Solving Commutator Problem: Find [a,a†]

[nmsurobert]

Homework Statement

a = √(mω/2ħ)x + i√(1/2ħmω), a^† = √(mω/2ħ)x - i√(1/2ħmω),

find [a,a^†]

the solution is given. it should be 1.

Homework Equations

[a,b] = ab -ba

The Attempt at a Solution

im guessing there is something I'm missing or I'm not doing something somewhere.
I'm just doing what the formula says.

(√(mω/2ħ)x + i√(1/2ħmω))(√(mω/2ħ)x - i√(1/2ħmω)) -(√(mω/2ħ)x - i√(1/2ħmω))(√(mω/2ħ)x + i√(1/2ħmω))
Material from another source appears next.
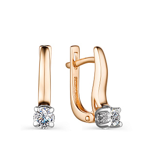 Серьги с английским замком из красного золота с бриллиантами
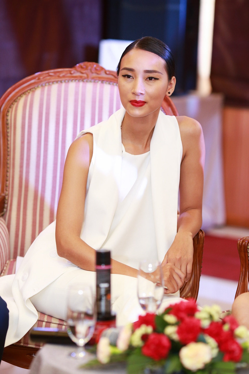 | Tại buổi hội thảo, cô chia sẻ bản thân luôn tự tin với mái tóc dài và thẳng, có thời gian Trang Khiếu từng rất "ngầu" với mái tóc tém, nhưng khi làm việc tại thị trường thời trang thế giới, chính mái tóc dài mới khiến cô ghi điểm trước các nhà thiết kế và các chuyên gia thời trang. |

and from that i get zero. what i am forgetting to do?

 

[strangerep]

I think you mis-typed the definitions of $a$ and $a^\dagger$. Shouldn't there be a $p$ (momentum) in the 2nd term of each?

 

[nmsurobert]

I think you mis-typed the definitions of $a$ and $a^\dagger$. Shouldn't there be a $p$ (momentum) in the 2nd term of each?

i just noticed that. i copied it straight from the homework so I'm guessing the teacher made a mistake.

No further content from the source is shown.